– Тогда не будет между нами мира, когда камень станет плавать, а хмель тонуть.
Монах-летописец усердно изображает Владимира обыкновенным бандитом, который помышляет только о том, как бы успешней ограбить соседа и наложить на него как можно больше даней и пошлин. Врет монах-летописец недаром. Человек фанатичный, но немудрящий, он тут же невольно и проговаривается, уверяя потомков, что год спустя болгары направляют в Киев своих проповедников «магометанской веры».
Пером монаха-летописца явным образом водит религиозная ненависть. Какая может быть у болгар магометанская вера? Болгары давным-давно приняли христианство, причем приняли его из Восточной Римской империи. Монах-летописец не знает об этом, точно так же, как Владимир не знает о жизни и быте болгар? Знает, конечно, тем не менее врет во все тяжкие, таким образом передавая слова проповедников:
– Ты, князь, мудр и смыслен, а закона не знаешь. Уверуй в закон наш и поклонись Магомету.
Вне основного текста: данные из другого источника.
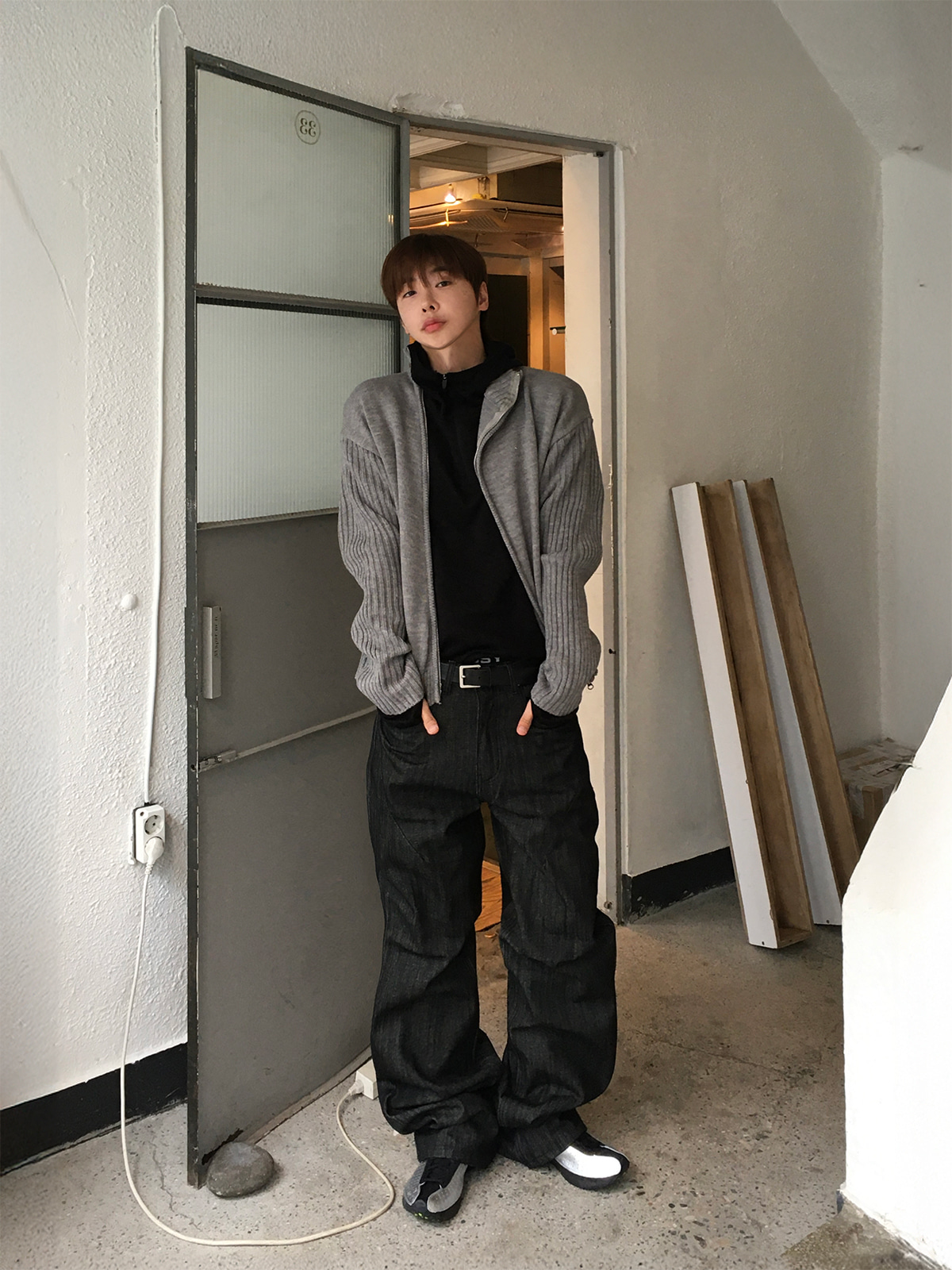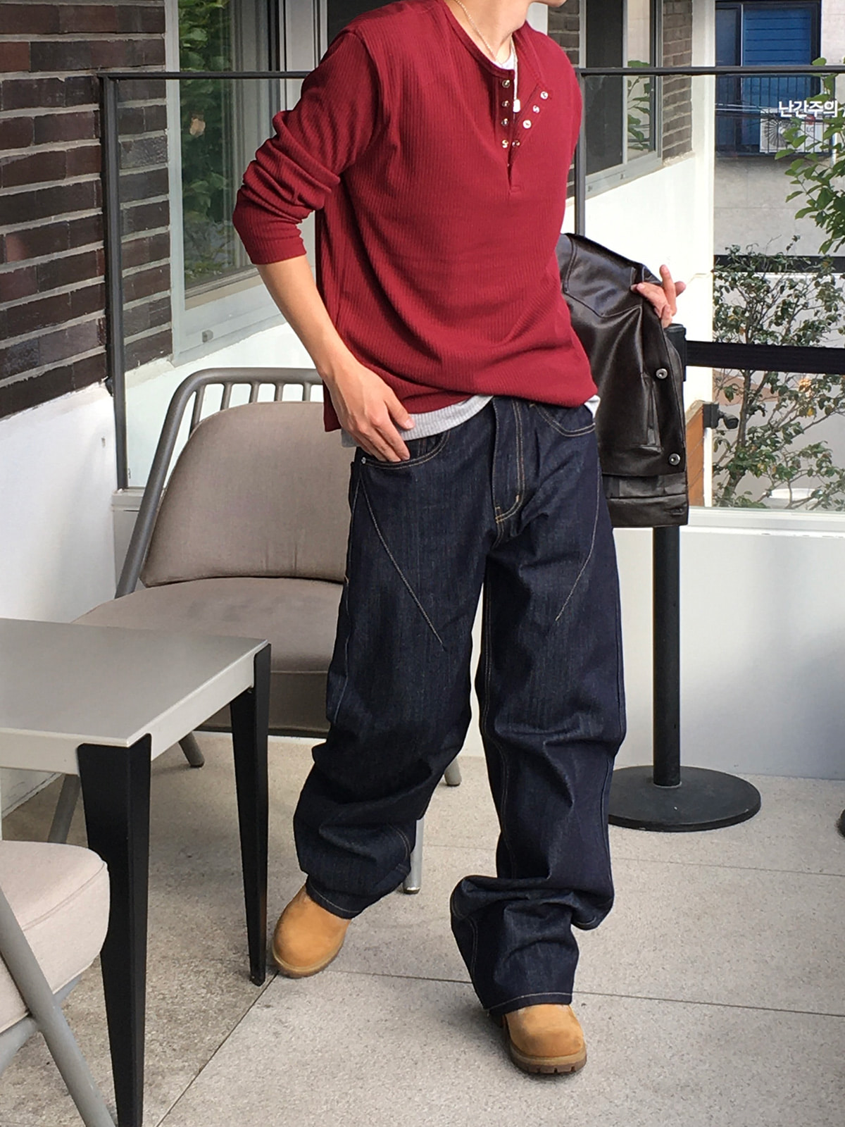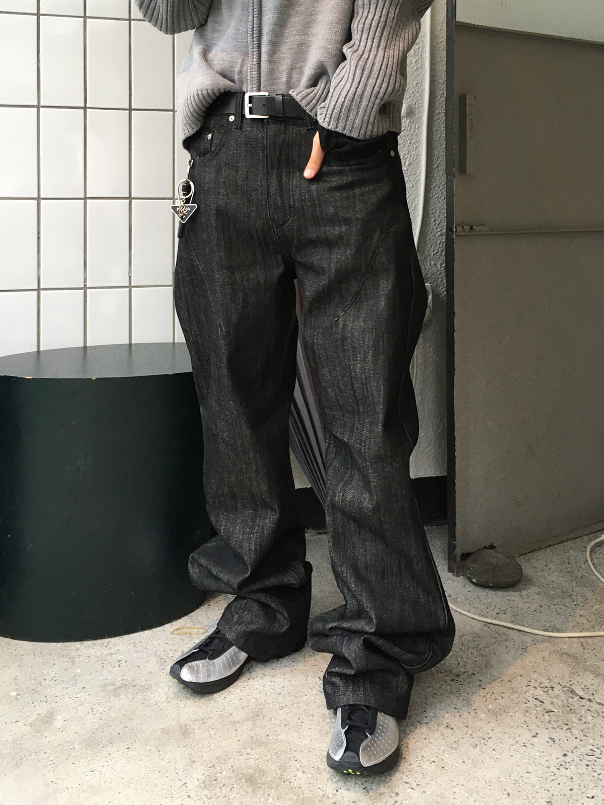 半喇叭褲型拉長腿部線條,使其成為百搭的中性單品。
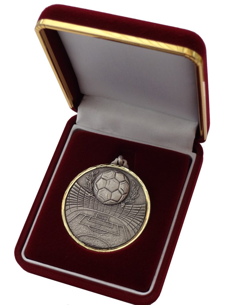 A very good quality red velour medal box made with a gold metal trim. To fit a 52mm medal. With a white satin look backdrop this medal case will enhance any medal.
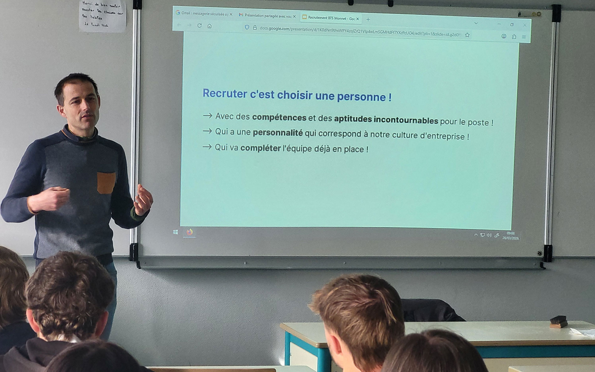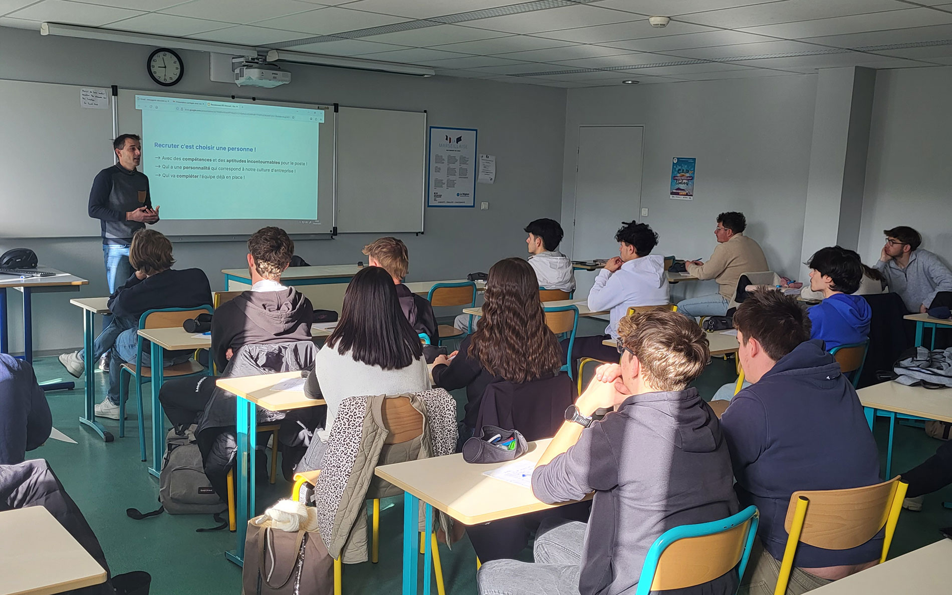 Cette intervention, sous la forme d’échanges avec les étudiants, a notamment permis à la classe de BTS de bien appréhender les enjeux de la politique de recrutement et d’intégration pour une enseigne. Grâce à leurs prises de notes, les étudiants auront ainsi pu recueillir de nombreuses informations, qu’ils pourront mobiliser dans le cadre de leurs prochains devoirs afin de préparer l’examen final du BTS en 2027.
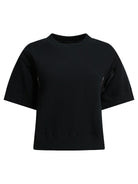 Elevate your everyday essentials with this black cotton-polyester t-shirt from Sacai. Crafted from a comfortable blend of cotton and polyester, this piece features a modern cropped silhouette with a distinctive utility pocket detail on the sleeve, showcasing Sacai's signature innovative design approach.
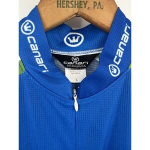 The Canari Cycling Jersey in men's size large features a 1/2 zip closure, mock neck neckline, and stand-up collar. Made from a knit fabric, this activewear piece is suitable for cycling with its classic fit and short sleeves. The Seattle-themed jersey in blue, green, and white colors includes pockets and a graphic print pattern, perfect for a casual or sports-inspired look. Machine washable and with a chest size of 48 inches, this jersey is ideal for cyclists looking for style and comfort on their rides.
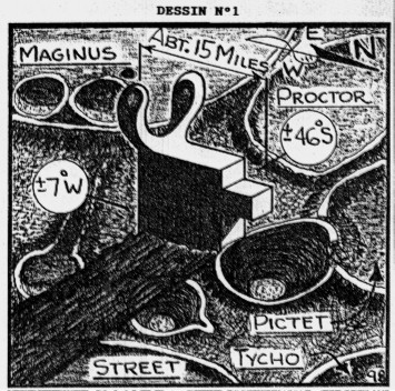 Il dépeint notamment un prodigieux ensemble, situé près du cratère Pictet, composé d’un parallélépipède rectangle surmonté d’immenses appendices en forme d’oreilles de chien et doté d’une excroissance cubique sur son côté droit. (voir dessin n°1):
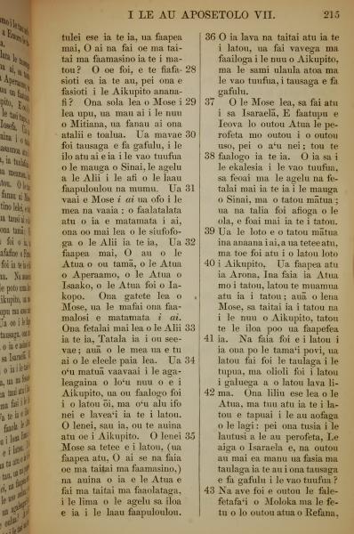 1849年萨摩亚语新约全书 使徒行传 7 章 28 节到 7 章 43 节
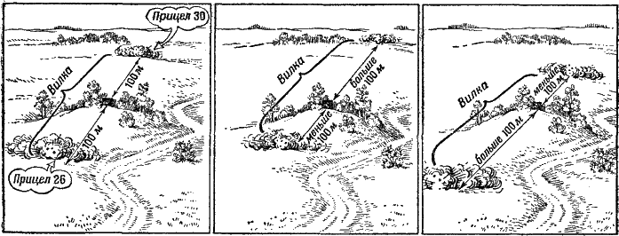 Рис. 243. Вилка 26-30 означает, что один из разрывов примерно не дальше 100 метров от цели
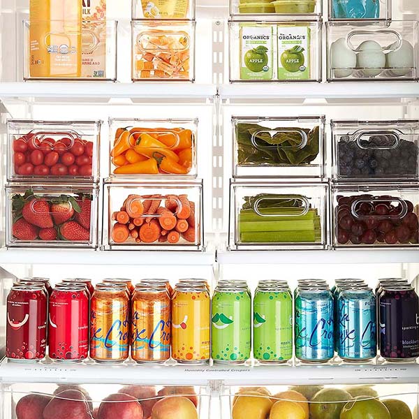 【Ideal Storage Choice】: The refrigerator organizer is great for creating a clean and organized refrigerator or pantry. Ideal for fruits, meat, milk, salad dressing, drink bottles, canned food, and packaged food, condiments, jelly, and more. So easy to keep clean and contain spills.
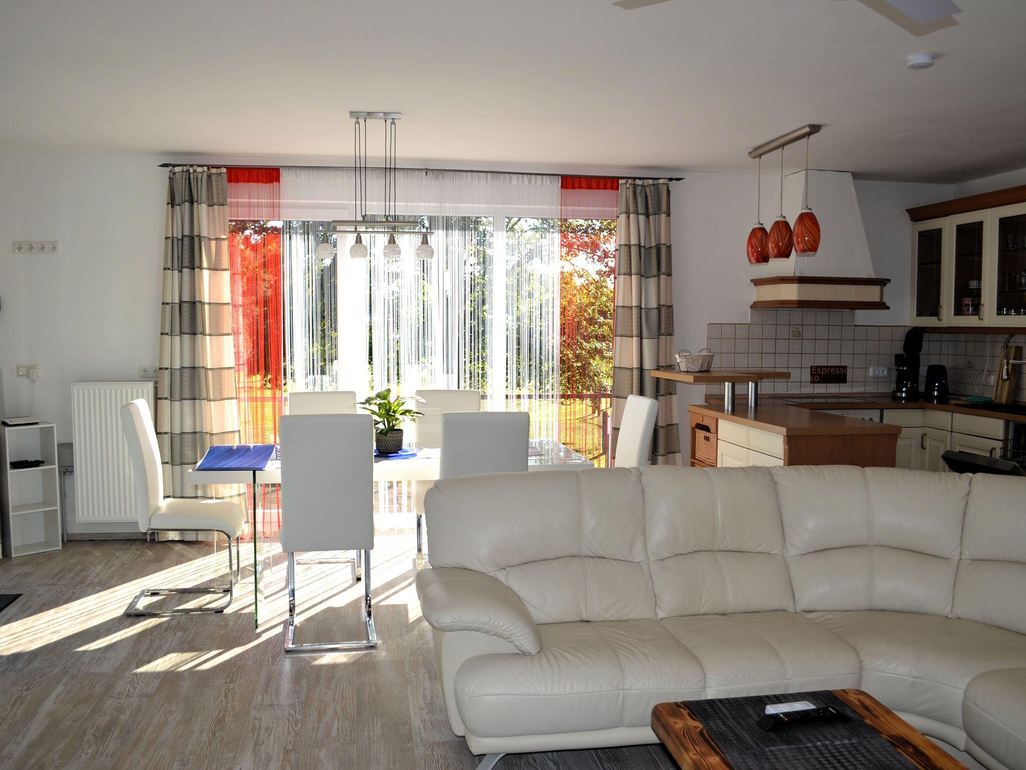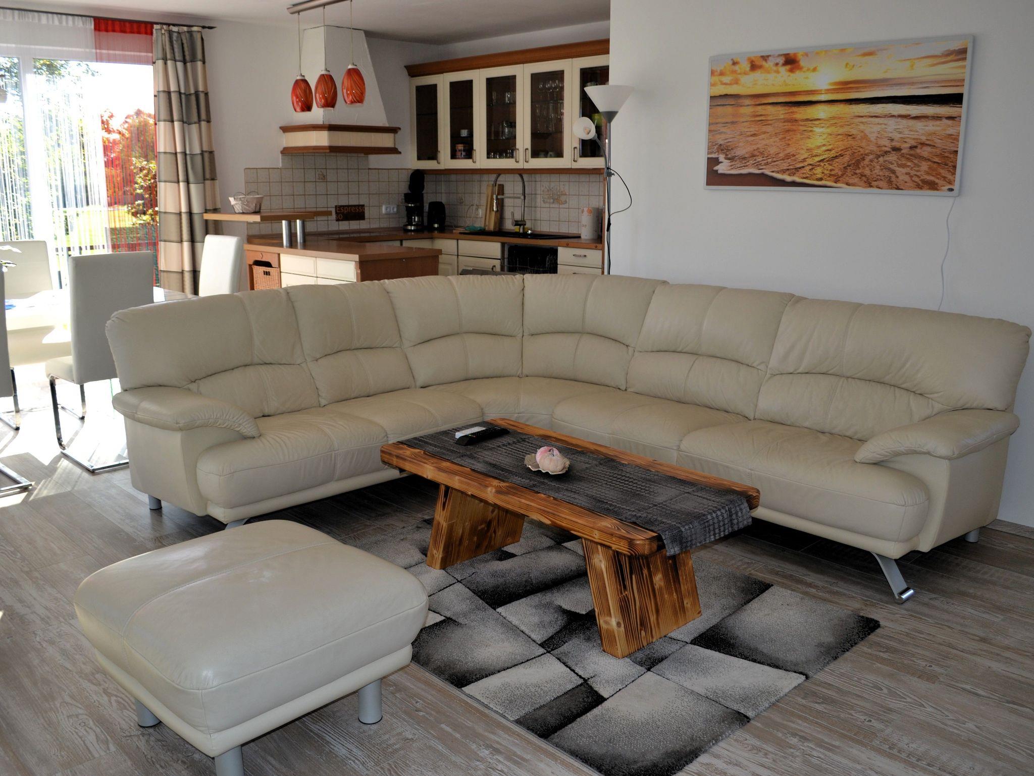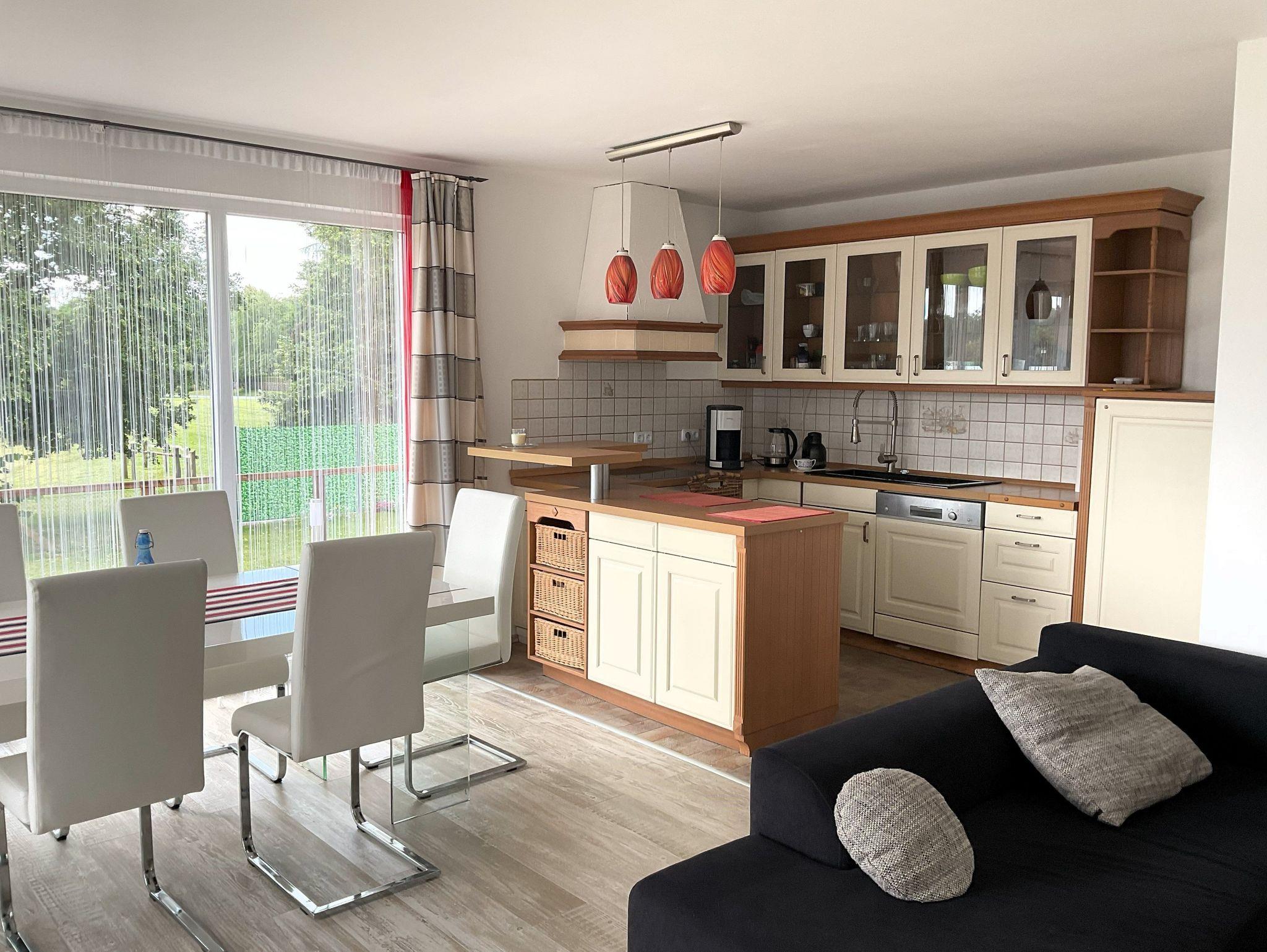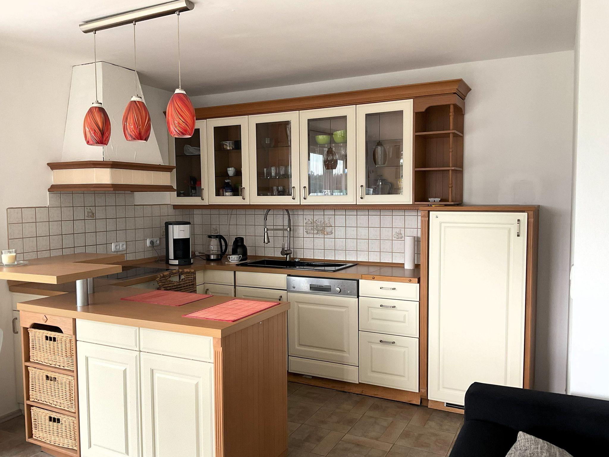 Die Wohnfläche beträgt ca. 80 m². Es steht Ihnen ein Wohnraum mit offener moderner, komplett eingerichteter Küche (E-Herd mit Backofen, Geschirrspüler, Toaster, Wasserkocher, Kaffeemaschine), ein Schlafzimmer mit einem Doppelbett, Flur sowie Bad mit Badewanne und Dusche zur Verfügung. Im Wohnraum gibt es eine gemütliche Sitzgarnitur, einen Esstisch mit 4 Stühlen sowie einen Fernseher. Eine Waschmaschine kann genutzt werden.
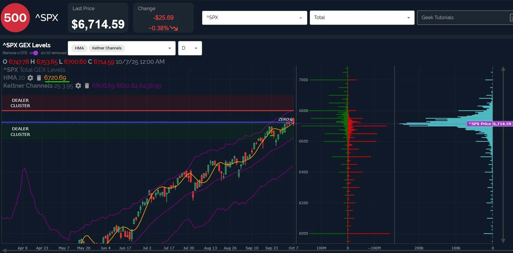 Indices give a less convincing setup at this exact moment, with SPX closing a hair below the Hull, with noteworthy GEX still awaiting us at 6800. 6700 becomes an all-important level, with a gap below potentially signaling a faster trip down to 6500-6600.
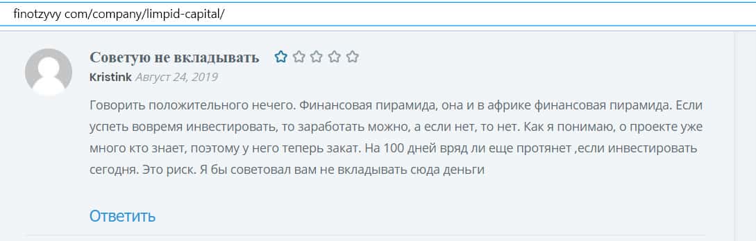 Пользователь оставил предупреждающее сообщение на сайте Финотызвы о лохотроне Лимпид Капитал. По его мнению, это определенно финансовая пирамида, от которой нужно бежать. Ресурс долго не протянет, владельцы собрали уже достаточно денег с клиентов и скоро свернут его, оставив всех остальных в убытках.
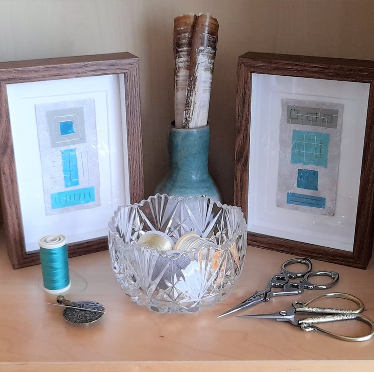 The design of my Handstitched Geometric Squares and Rectangles, I actually made years ago, originally for greeting cards but this past year when I’ve been getting ideas together for my shop, I decided they should be framed instead as they make really pretty little pictures! I’ve always been drawn to geometric paintings and art, but I also love textiles and I was just inspired one day to put the two ideas together & came up with these designs - My Handstitched Geometrics Squares & Rectangles Collection - Shiny Naturals, Pretty Patterns & Colourful Combinations. There is an array of different colours to choose from to match any interior colour scheme. A lovely little treat for yourself or as a present! I wanted to keep the art pieces small so that they could easily fit into anyone’s home, they can be hung on the wall or can sit on a shelf.

Владимир не только выслушивает всю эту дичь, но и сам будто бы знает, что перед ним мусульмане, о которых он тоже будто бы слышит впервые, а потому задает проповедникам из православной Болгарии дурацкий вопрос:
– А в чем ваша вера?
И фантастические болгары, которых отчего-то не переносит монах-летописец, плетут ещё большую дичь:
– Веруем в Бога, и учит нас Магомет так: совершать обрезание, не есть свинины, не пить вина, зато по смерти можно творить блуд с женами. Даст Магомет каждому по семидесяти красивых жен, и изберет одну из них красивейшую и будет ему женой. Здесь же следует невозбранно предаваться всякому блуд. Если кто беден на этом свете, то и на том.
Видимо, на этом его фантазия истощается, и монах-летописец просто бранится:
«И другую всякую ложь говорили, о которой и писать стыдно».
Владимир будто бы слушает их с удовольствием, потому что сам любит блуд, потому что «наложниц было у него триста в Вышгороде, триста в Белгороде и двести на Берестове, в сельце, которое называют сейчас Берестовое, и был он ненасытен в блуде, приводя к себе замужних женщин и растлевая девиц», однако не любо ему обрезание и воздержание от вина и свинины. По этому поводу он будто бы произносит явно выдуманные слова, которые и по сей день гуляют по просторам веселой Руси:
– Руси есть веселие питии, не можем без этого быть.